What follows is a listing to transcribe exactly, leaving the pictures out.

Dataset extract Block Start

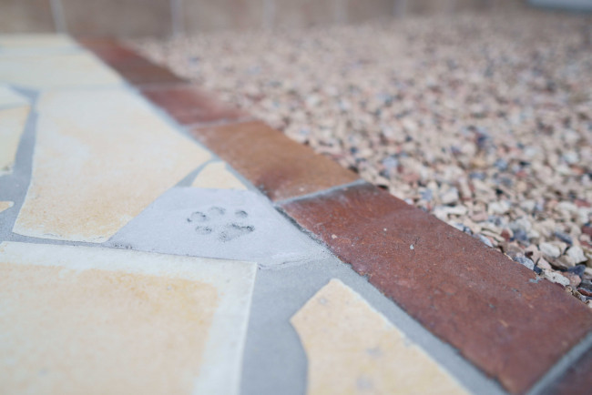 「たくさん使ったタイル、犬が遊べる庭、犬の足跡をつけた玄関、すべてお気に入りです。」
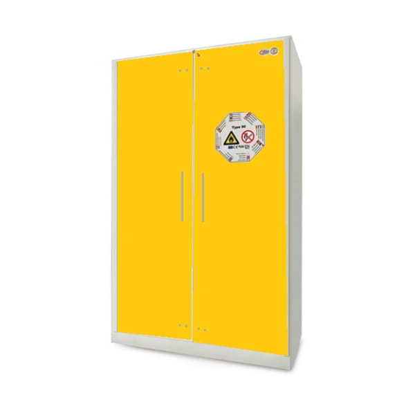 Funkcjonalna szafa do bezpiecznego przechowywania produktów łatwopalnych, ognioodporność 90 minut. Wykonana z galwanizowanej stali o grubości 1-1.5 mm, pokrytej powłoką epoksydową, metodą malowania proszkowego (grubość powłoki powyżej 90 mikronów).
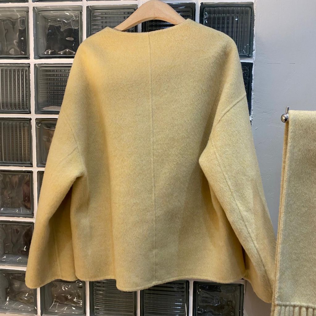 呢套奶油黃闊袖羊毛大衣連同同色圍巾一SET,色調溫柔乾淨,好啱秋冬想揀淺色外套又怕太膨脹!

Dataset extract Block End

### Solution to this problem
 「たくさん使ったタイル、犬が遊べる庭、犬の足跡をつけた玄関、すべてお気に入りです。」
 Funkcjonalna szafa do bezpiecznego przechowywania produktów łatwopalnych, ognioodporność 90 minut. Wykonana z galwanizowanej stali o grubości 1-1.5 mm, pokrytej powłoką epoksydową, metodą malowania proszkowego (grubość powłoki powyżej 90 mikronów).
 呢套奶油黃闊袖羊毛大衣連同同色圍巾一SET,色調溫柔乾淨,好啱秋冬想揀淺色外套又怕太膨脹!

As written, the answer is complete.